Dans un de ces billets d'une clairevoyance directe dont il garde précieusement le secret et qui lui a valu d'être cité, encore, par notre cher quotidien véspéral (en même temps qu'un autre illustre confrère), Nicolas J. écrit :

La stratégie du Modem permet juste de faire perdre toute lisibilité à la politique Française.

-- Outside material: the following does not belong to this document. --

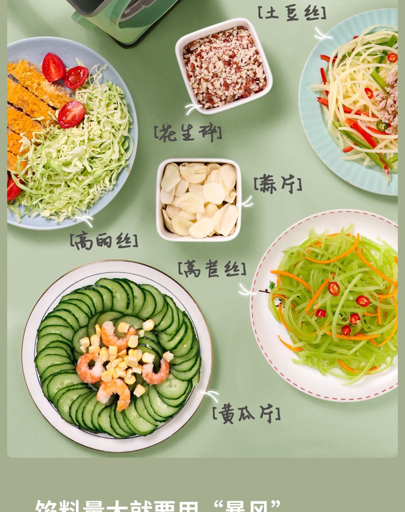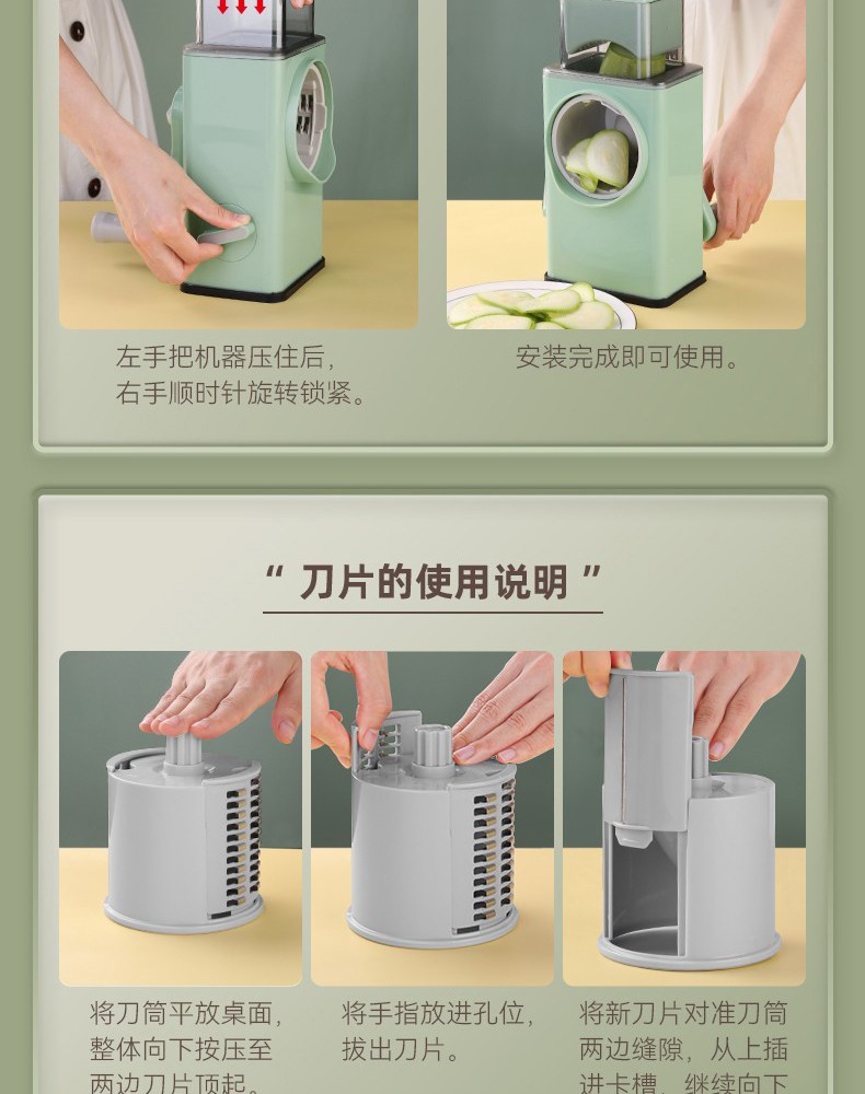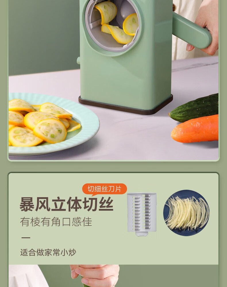 Jingyan German quality household vegetable cutting tool Storm vegetable cutter roller hand-cranked potato grater multi-function fresh green luxury five-knife option safe and does not hurt your hands

François Bayrou a eu beau jeu de dénoncer, depuis belle lurette maintenant, les effets néfastes du jeu des partis. On voit bien aujourd'hui que son mouvement dépend en fait de ce jeu. Comment sinon un parti faisant un score aussi faible pourrait-il devenir l'objet de toutes les convoitises ? Le rôle d'arbitre du MoDem n'est pas la conséquence de sa force politique, mais de son positionnement. On sait que le LCR ou le PCF ne vont pas s'allier à l'UMP ; au pire leurs voix disparaissent au second tour. Grâce à leur position centrale, les voix du MoDem, si elles étaient véritablement disciplinées, comptent double selon les alliances : tant de voix en moins pour les uns, autant en plus pour les autres. Difficile de dire, dans ces conditions, que le bipartisme ne profite pas à François Bayrou.

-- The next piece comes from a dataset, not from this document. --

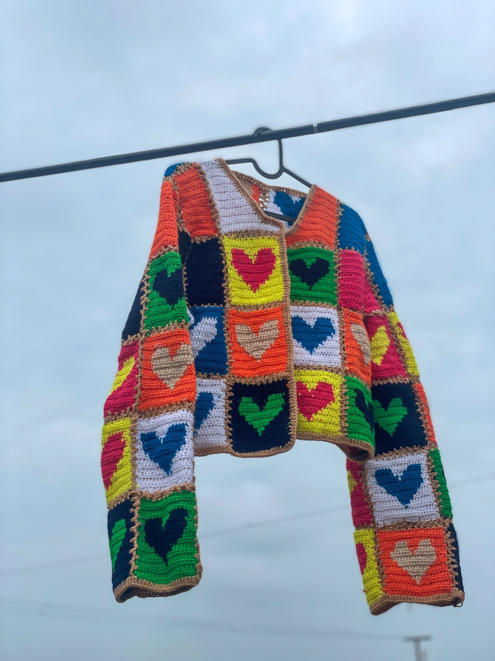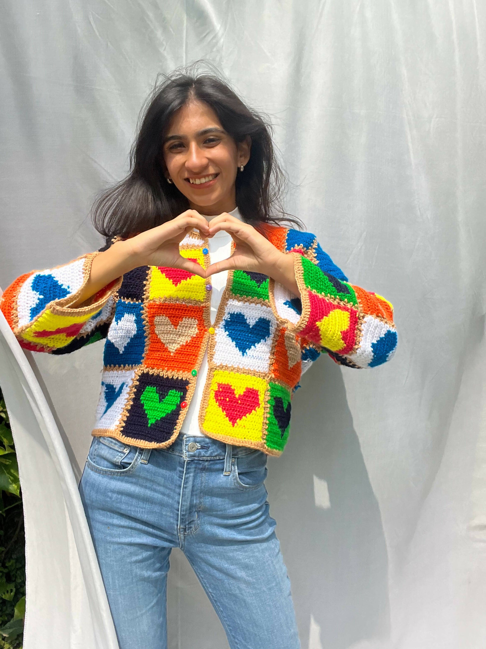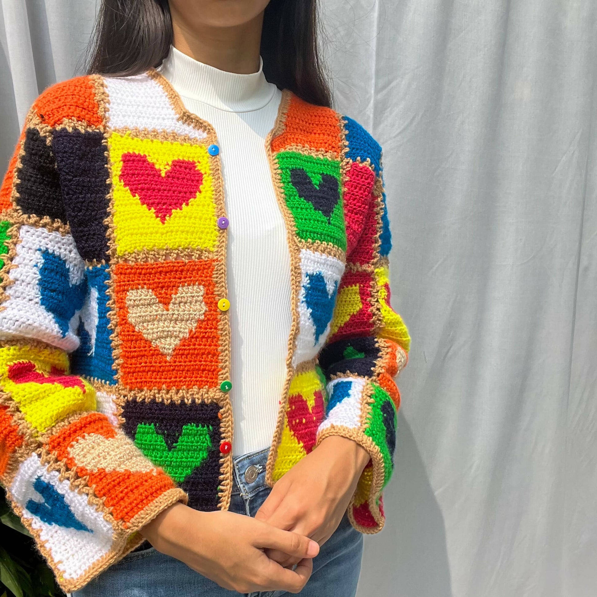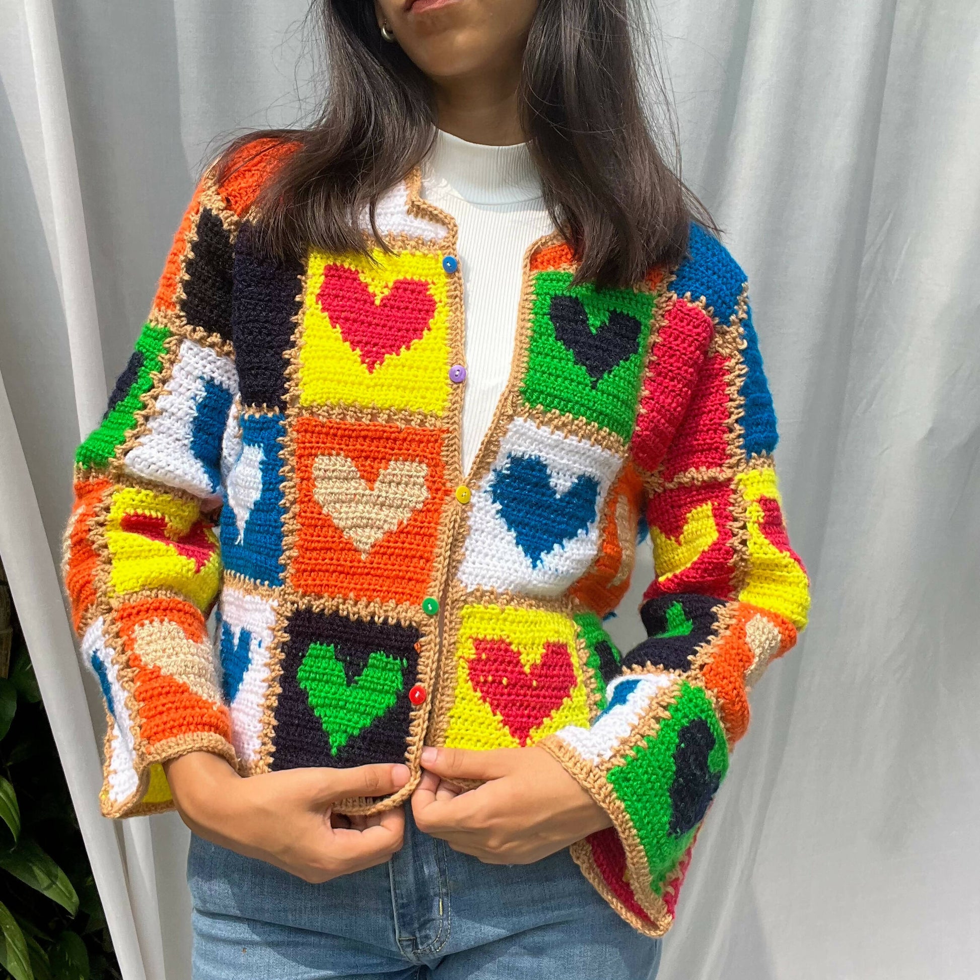 Made with 100% acrylic yarn. Patches of hearts crocheted and then stitched together piece by piece.Also inspired by the famous cardigan alia bhatt wore.
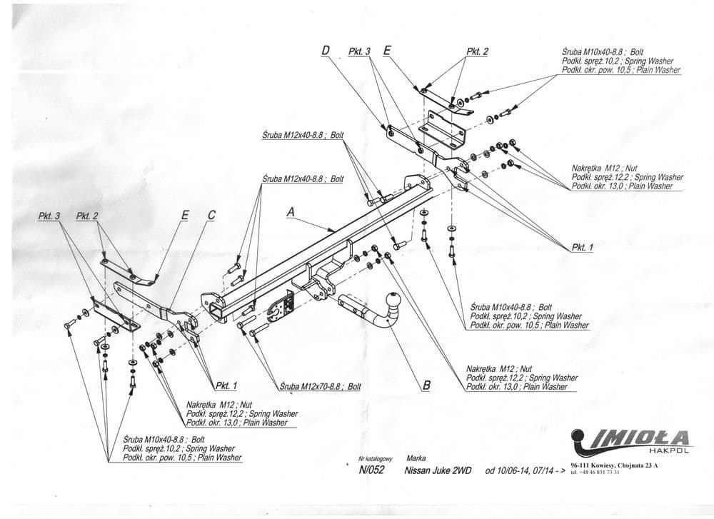 Польский фаркоп Imiola со съемным крюком под квадрат 50х50 (тип шара E), вырез в бампере при установке не нужен, электрика приобретается отдельно, максимально разрешенная масса прицепа 1500 кг.

Et voilà l'autre gros inconvénient du MoDem, qui, il me semble, pèse plus lourd pour le PS que pour l'UMP : grâce à l'ambiguïté savamment entretenue, le MoDem peut paraître à gauche sans être à gauche, attirer les décus du PS finalement pour neutraliser leurs voix. Julien Tolédano a raison de dire que la plupart des nouvelles recrus du MoDem ne sont sans doute pas pleinement consciencts de la dimension démocrate-chretien de leur parti. Lors de l'élection présidentielle, je n'avais pas compris comment Bayrou pouvait promettre des réductions budgétaires très importantes sans avoir à répondre des effets (énormes) des coupes qui aurait été nécessaires. Mais encore une fois, ce rôle de réceptacle des déçus des autres partis, c'est le produit du bipartisme. Le MoDem n'a pas besoin d'avoir une ligne politique claire car il profite de sa place dans le système.

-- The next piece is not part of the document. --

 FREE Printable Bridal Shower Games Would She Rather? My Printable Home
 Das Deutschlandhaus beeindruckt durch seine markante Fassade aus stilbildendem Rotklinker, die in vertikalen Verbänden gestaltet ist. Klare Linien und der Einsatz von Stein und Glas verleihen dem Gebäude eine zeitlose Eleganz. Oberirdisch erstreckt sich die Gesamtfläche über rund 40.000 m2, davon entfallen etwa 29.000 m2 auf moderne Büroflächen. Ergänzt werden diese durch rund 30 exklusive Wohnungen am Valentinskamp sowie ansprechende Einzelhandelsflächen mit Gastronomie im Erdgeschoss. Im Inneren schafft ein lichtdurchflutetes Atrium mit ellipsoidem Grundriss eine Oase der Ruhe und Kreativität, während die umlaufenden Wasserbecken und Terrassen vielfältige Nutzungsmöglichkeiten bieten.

La démonstration de ce que je viens de dire va peut-être se produire à Toulouse, où l'accord MoDem-UMP semble avoir débouché aussitôt sur des excellentes nouvelles : un sondage accréditant Pierre Cohen, le candidat socialiste, de 53% des voix. Si ce chiffre peut s'expliquer, du moins, en parti, par la désobéissance (civique) des électeurs MoDem qui n'ont pas voulu jouer le jeu des alliances, cela montre en plus que ce sont bien ces électeurs plutôt de gauche qui se sont laissé "béarner" par le centrisme.

Mais ce 53%, s'il se traduit en un bon résultat, montre aussi que la politique est restée lisible, malgré tout. Car la ligne de Bayrou fonctionne lorsque la droite et la gauche sont globalement proche sur bon nombre de questions, dans un monde où la droite est incarnée par Juppé et la gauche par Jospin. Mais avec Sarkozy, le moins qu'on puisse dire, c'est qu'on ne risque plus de confondre les deux bords politiques. Du coup c'est le MoDem qui devient illisible.